● **Exercise aim**
Give the listing again exactly, skipping any pictures it holds.

● **Data shown**
▬▬▬
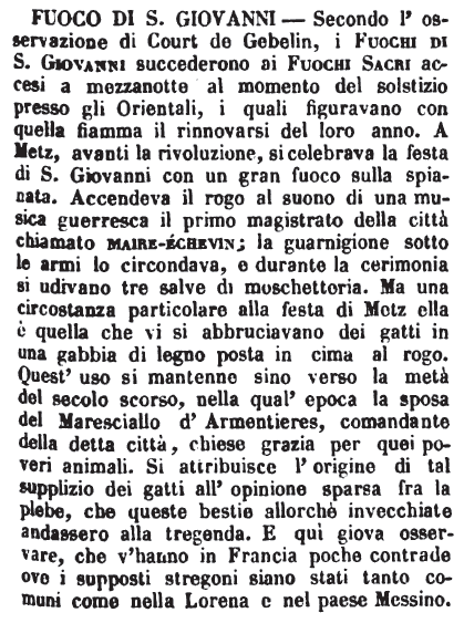 | Fuoco di S. Giovanni - Secondo l'osservazione di Court de Gebelin, i Fuochi di S. Giovanni succederono ai Fuochi Sacri accesi a mezzanotte al momento del solstizio presso gli Orientali, i quali figuravano con quella fiamma il rinnovarsi del loro anno. A Metz, avanti la rivoluzione, si celebrava la festa di S. Giovanni con un gran fuoco sulla spianata. Accendeva il rogo al suono di una musica guerresca il primo magistrato della città chiamato maire-échevin; la guarnigione sotto le armi lo circondava, e durante la cerimonia si udivano tre salve di moschetteria. Ma una circostanza particolare alla festa di Metz ella è quella che vi si abbruciavano dei gatti in una gabbia di legno posta in cima al rogo. Quest'uso si mantenne sino verso la metà del secolo scorso, nella qual'epoca la sposa del Maresciallo d'Armentieres, comandante della detta città, chiese grazia per quei poveri animali. Si attribuisce l'origine di tal supplizio dei gatti all'opinione sparsa fra la plebe, che queste bestie allorchè invecchiate andassero alla tregenda. E qui giova osservare, che v'hanno in Francia poche contrade ove i supposti stregoni siano stati tanto comuni come nella Lorena e nel paese Messino. [immagine] |
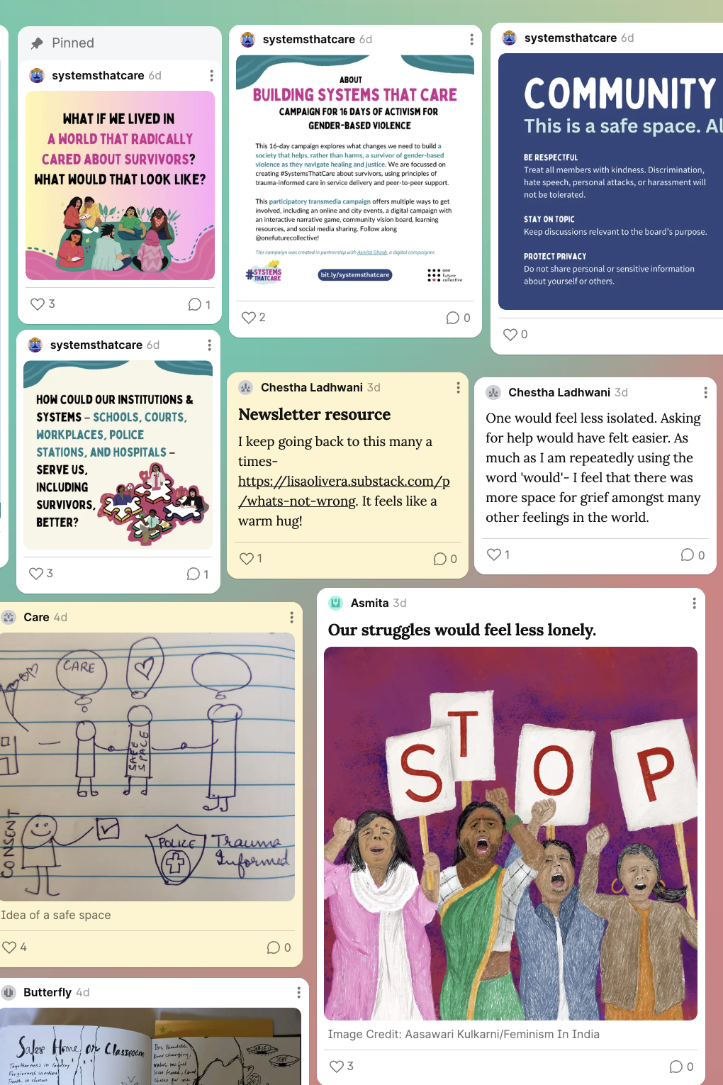 This question kicked off our campaign through an online Community Healing Space, facilitated by Vaishali Singha, where participants doodled their visions of such a world. One participant remarked how the prompts stuck with them, especially as they reflected on how institutions could truly serve survivors. They noted how these reflections would shape their work with children, underscoring the importance of spaces like this for sparking lasting change. Art, conversation, and care—this space was a little step toward re-envisioning our systems.
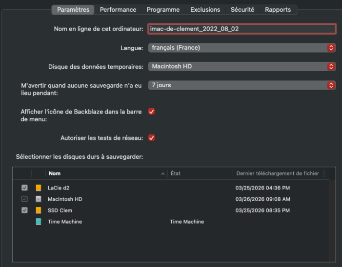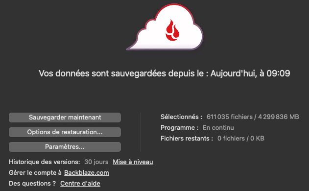 • Copie 3 (sauvegarde cloud) : Backblaze qui sauvegarde automatiquement votre ordinateur et vos disques externes. C’est votre assurance contre les catastrophes.
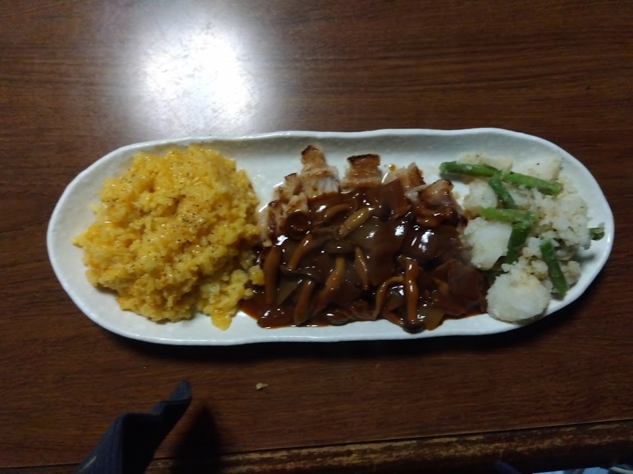 見た目は豪華なのに、簡単にできるポークソテーはいかがでしょうか。デミグラスソースをかければ食べ応えがあって、赤ワインにもよく合う一品のでき上がります。つけ合わせには、ホクホクと粉ふきにしたじゃがいもと冷やご飯を使った簡単リゾットを添えてみました。
▬▬▬
● **Response box**
 | Fuoco di S. Giovanni - Secondo l'osservazione di Court de Gebelin, i Fuochi di S. Giovanni succederono ai Fuochi Sacri accesi a mezzanotte al momento del solstizio presso gli Orientali, i quali figuravano con quella fiamma il rinnovarsi del loro anno. A Metz, avanti la rivoluzione, si celebrava la festa di S. Giovanni con un gran fuoco sulla spianata. Accendeva il rogo al suono di una musica guerresca il primo magistrato della città chiamato maire-échevin; la guarnigione sotto le armi lo circondava, e durante la cerimonia si udivano tre salve di moschetteria. Ma una circostanza particolare alla festa di Metz ella è quella che vi si abbruciavano dei gatti in una gabbia di legno posta in cima al rogo. Quest'uso si mantenne sino verso la metà del secolo scorso, nella qual'epoca la sposa del Maresciallo d'Armentieres, comandante della detta città, chiese grazia per quei poveri animali. Si attribuisce l'origine di tal supplizio dei gatti all'opinione sparsa fra la plebe, che queste bestie allorchè invecchiate andassero alla tregenda. E qui giova osservare, che v'hanno in Francia poche contrade ove i supposti stregoni siano stati tanto comuni come nella Lorena e nel paese Messino. [immagine] |
 This question kicked off our campaign through an online Community Healing Space, facilitated by Vaishali Singha, where participants doodled their visions of such a world. One participant remarked how the prompts stuck with them, especially as they reflected on how institutions could truly serve survivors. They noted how these reflections would shape their work with children, underscoring the importance of spaces like this for sparking lasting change. Art, conversation, and care—this space was a little step toward re-envisioning our systems.
 • Copie 3 (sauvegarde cloud) : Backblaze qui sauvegarde automatiquement votre ordinateur et vos disques externes. C’est votre assurance contre les catastrophes.
 見た目は豪華なのに、簡単にできるポークソテーはいかがでしょうか。デミグラスソースをかければ食べ応えがあって、赤ワインにもよく合う一品のでき上がります。つけ合わせには、ホクホクと粉ふきにしたじゃがいもと冷やご飯を使った簡単リゾットを添えてみました。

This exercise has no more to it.